September 27, 2008
 
map

...The great, dark trees of the Big Woods stood all around the house, and beyond them were other trees and beyond them were more trees. As far as a man could go to the north in a day, or a week, or a whole month, there was nothing but trees. -Laura Ingalls Wilder, Little House in the Big Woods, Chapter 1.

You can print survey maps for Pepin County from the Bureau of Land Management, General Land Office Records site at glorecords.blm.gov. Many survey notes haven't yet been scanned and made available online. I printed out Pepin County's survey notes at the Archives of the Wisconsin Historical Society in Madison.

General notes for the township state that the land was very thinly timbered with oak. Undergrowth was oak, aspen, red root, fern, prairie willow, vines, etc. Soil was second rate.
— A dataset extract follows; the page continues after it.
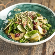 Garnish the salad with slices of pear, nuts, dried cranberries, green onion, and watercress. Drizzle with the remaining dressing on top.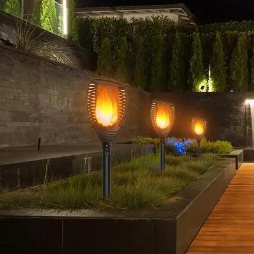 - Amazing flame effect, Waterproof Solar Powered Outdoor Garden Light Flickering Torch is the best and safest alternative to a real torch. It features realistic dancing flame effects that can definitely turn everyone to stop and stare.

Here's what Samuel Durkam, Deputy Surveyor, had to say about the area where Henry Quiner and Charles Ingalls would later call home:

This is a very rough, hilly, and broken township of land. On many of the ridges there is good oak timber. But in the aggregate it is thinly timbered and covered with brush. In some places the brush is very thick and in others so scattering but very little timber that it is almost entitled to the name of prairie - perhaps the term "brushy prairie" would convey the best idea of a portion of it. There are no settlers here yet and apparently but little inducement for them.